Peru Alliance For Progress

Alliance for Progress (Spanish: Alianza para el Progreso, APP) is a Peruvian political party founded on December 8, 2001 in Trujillo by Cesar Acuña Peralta.

Alliance for Progress
Alianza para el Progreso
AbbreviationAPP
PresidentCesar Acuña Peralta
Secretary-GeneralLuis Valdez Farías
SpokespersonJosé Luis Echevarría Escribens
FoundedDecember 8, 2001; 22 years ago (2001-12-08)
HeadquartersTrujillo
Membership (2020)161,859
Ideology
Political positionCentre-right
Congress
11 / 130
Governorships
2 / 25
Regional Councillors
29 / 274
Province Mayorships
17 / 196
District Mayorships
169 / 1,874
Website
www.app.pe

History

The party was founded by Cesar Acuña Peralta in Trujillo in 2001, who was elected as Congressman for the National Solidarity Party in 2000. In 2006, the party participated in the general elections of that year with Natale Amprimo as its party candidate for President with the leader Cesar Acuña Peralta as its candidate for First Vice President.
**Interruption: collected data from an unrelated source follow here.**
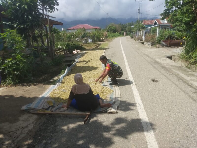 Babinsa Koramil 08/Blangpegayon Kodim 0113/ Gayo lues Koptu Karmadi membantu warga binaanya menjemur biji kopi di Desa porang Ayu Kecamatan Blangpegayon Kabupaten Gayo lues.
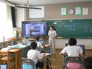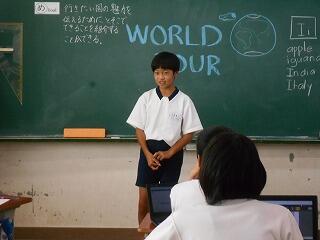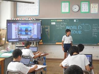 6年生が、行きたい国の魅力について、英語で発表会を行っていました。
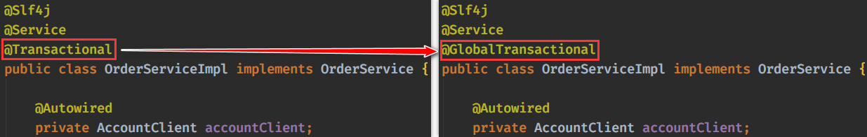 3、给发起全局事务的入口类或方法添加@GlobalTransactional注解:
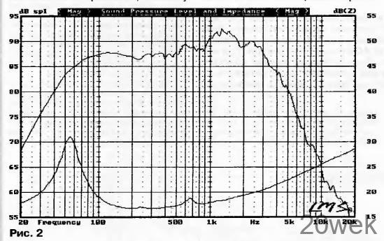 АЧХ головки НЧ (рис. 2) имеет неравномерность 3 дБ в диапазоне частот 60…500 Гц; дальше с увеличением частоты следует подъем с максимумом на частоте 1,3 кГц. Такой характер АЧХ не является проблемой, поскольку в трехполосном громкоговорителе можно использовать головку НЧ в диапазоне частот не выше 600 Гц, где неравномерность АЧХ достаточно мала.
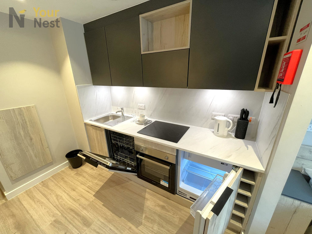 Each modern studio features a private en-suite shower room, fitted kitchenette with integrated appliances, a comfortable sleeping area, study desk, and ample storage. Residents also benefit from secure entry, high-speed Wi-Fi, on-site laundry facilities, and communal social spaces.
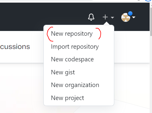 1. GitHub에 들어가서 프로필 -> New repository 클릭.
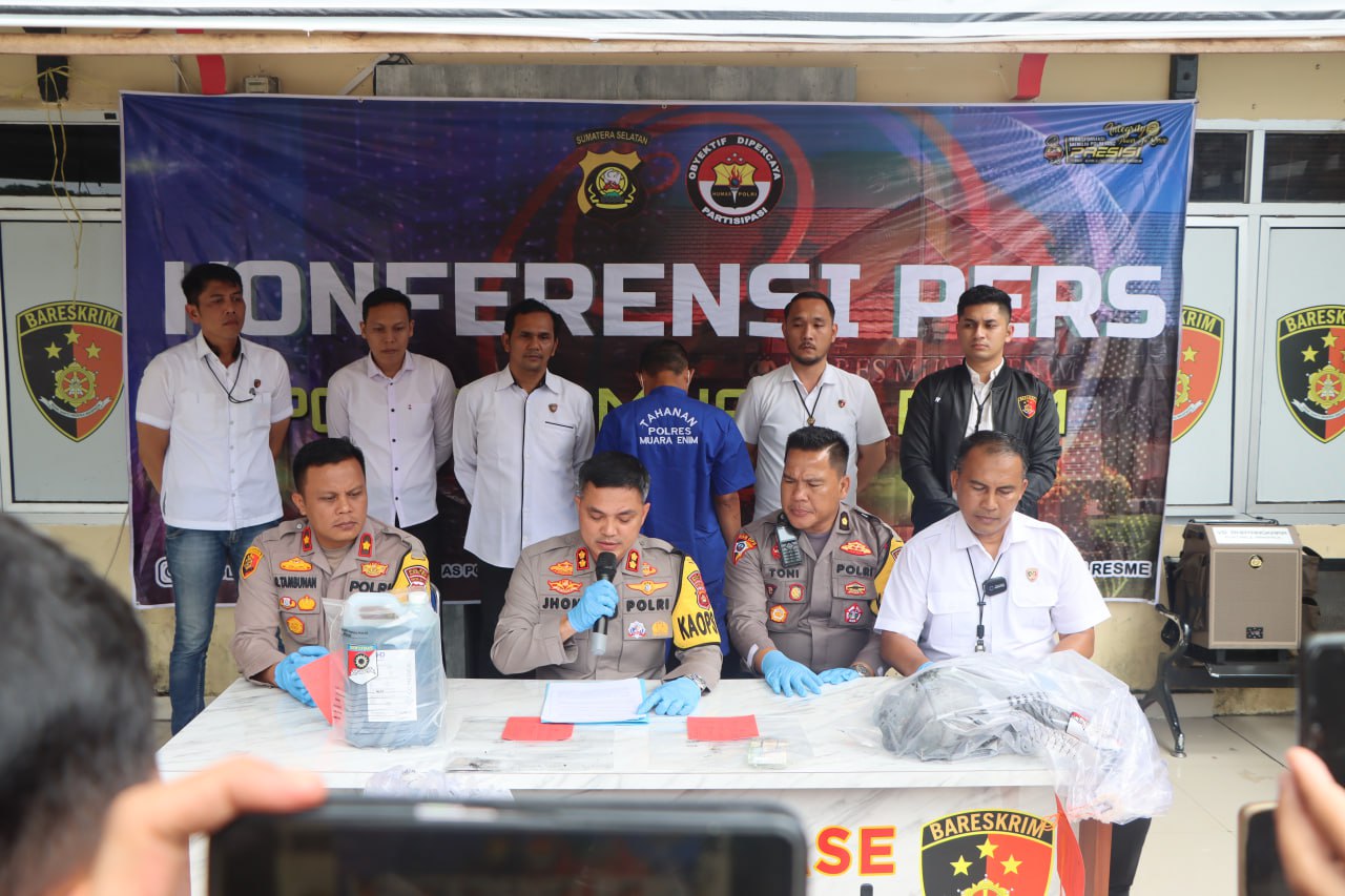 Konferensi Pers tersebut dipimpin langsung oleh Kapolres Muara Enim, AKBP Jhoni Eka Putra, SH, SIK, MSi, yang didampingi oleh Wakapolres Muara Enim, Kompol Roy Arpian Tambunan, SP. SIK, Kabag Ops, Kompol Toni Arman, SH, Kasat Reskrim, AKP Darmanson, SH, MH, Kasi Humas, AKP RTM Situmorang, dan Kanit Pidsus, Ipda Zakwan Rifqi, STrK, Rabu (24/4/24).
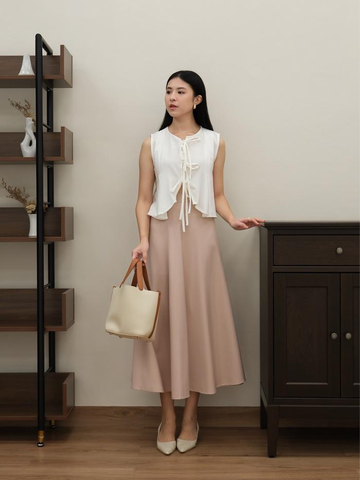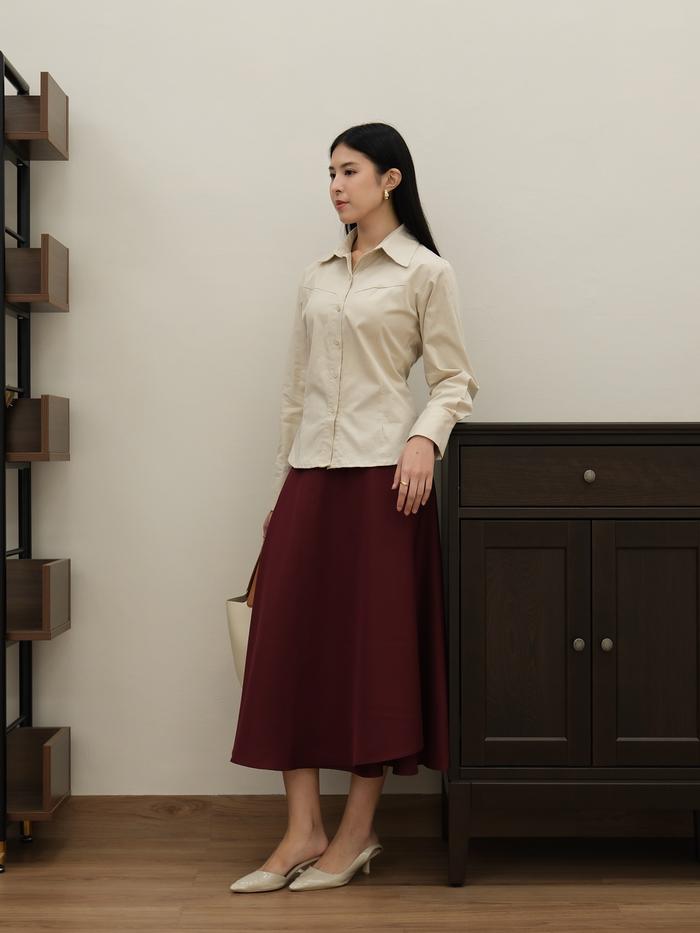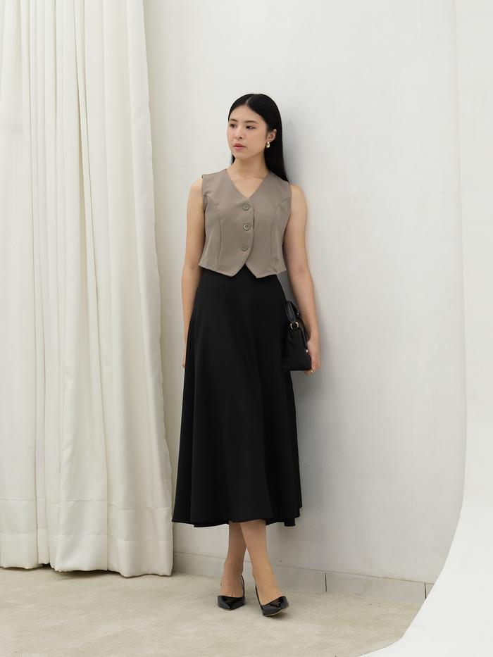 FLASH SALE ROK FLARE MAXI WANITA HIMARI SKIRT HULM CREAM MIDI 70 CM

The presidential ticket itself attained 0.4% of the popular vote, placing tenth.

Following the 2006 general election's poor results, Alliance for Progress lost its party registration in the National Jury of Elections alongside the rest of the parties that failed to pass the threshold in 2007, but it regained its party registration the following year.

Having already established his party, Acuña, he was elected mayor of Trujillo in 2007 and was re-elected mayor in 2010. In 2014, Acuña was elected regional governor of the department of La Libertad, defeating José Murgia of the APRA but, he resigned from his position as governor in less one year to run for president in the 2016 elections in which he was disqualified for alleged vote buying.
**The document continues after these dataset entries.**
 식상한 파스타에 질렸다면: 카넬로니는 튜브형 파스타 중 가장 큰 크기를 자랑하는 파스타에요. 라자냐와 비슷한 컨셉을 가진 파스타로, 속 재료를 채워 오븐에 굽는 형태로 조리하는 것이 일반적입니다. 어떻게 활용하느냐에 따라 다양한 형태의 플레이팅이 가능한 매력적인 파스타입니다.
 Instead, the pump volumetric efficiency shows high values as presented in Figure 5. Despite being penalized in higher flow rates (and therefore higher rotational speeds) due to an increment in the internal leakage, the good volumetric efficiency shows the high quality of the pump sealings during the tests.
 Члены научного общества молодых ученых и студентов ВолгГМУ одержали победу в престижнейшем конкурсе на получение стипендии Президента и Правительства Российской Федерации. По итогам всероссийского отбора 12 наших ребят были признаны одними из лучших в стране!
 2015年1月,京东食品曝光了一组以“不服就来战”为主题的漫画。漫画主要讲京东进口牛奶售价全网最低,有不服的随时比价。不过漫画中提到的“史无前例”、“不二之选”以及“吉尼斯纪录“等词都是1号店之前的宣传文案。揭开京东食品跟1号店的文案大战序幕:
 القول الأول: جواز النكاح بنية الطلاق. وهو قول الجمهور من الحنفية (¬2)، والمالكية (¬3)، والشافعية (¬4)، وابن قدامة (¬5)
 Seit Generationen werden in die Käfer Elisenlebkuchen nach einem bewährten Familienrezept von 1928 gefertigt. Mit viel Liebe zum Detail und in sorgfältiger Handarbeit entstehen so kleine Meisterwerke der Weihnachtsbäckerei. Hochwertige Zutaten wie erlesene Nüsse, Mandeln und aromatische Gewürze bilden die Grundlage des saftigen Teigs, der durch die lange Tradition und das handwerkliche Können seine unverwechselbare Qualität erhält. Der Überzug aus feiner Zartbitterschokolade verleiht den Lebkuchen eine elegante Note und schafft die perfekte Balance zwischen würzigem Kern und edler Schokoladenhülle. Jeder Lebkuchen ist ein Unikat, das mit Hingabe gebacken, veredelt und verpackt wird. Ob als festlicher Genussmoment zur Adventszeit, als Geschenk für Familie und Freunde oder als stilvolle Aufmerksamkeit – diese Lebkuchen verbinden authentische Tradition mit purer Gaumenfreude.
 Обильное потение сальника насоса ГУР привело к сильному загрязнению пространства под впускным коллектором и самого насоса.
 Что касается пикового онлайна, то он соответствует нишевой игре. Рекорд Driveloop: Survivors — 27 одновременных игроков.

Since 2010, the party was part of the Alliance for the Great Change, made up of the Peruvian Humanist Party, the Christian People’s Party, the National Restoration and the Alliance for Progress, this alliance was led by Pedro Pablo Kuczynski, who unsuccessfully ran for president in the general elections of Peru in 2011. In these elections, APP obtained two of the 130 seats in the Congress of the Republic.

In June 2012, the National Office of Electoral Processes (ONPE) fined the party more than 9 million soles for having received contributions ten times greater than the allowed limit from the César Vallejo University, owned by César Acuña.

In 2016, the party presented Acuña as their presidential candidate, however on 9 March the National Elections Jury barred him from participating in the general election for violating the Political Parties Law. The party currently holds 22 seats in the Congress after the 2020 snap parliamentary elections, a gain compared to the nine seats the party won at the 2016 general elections.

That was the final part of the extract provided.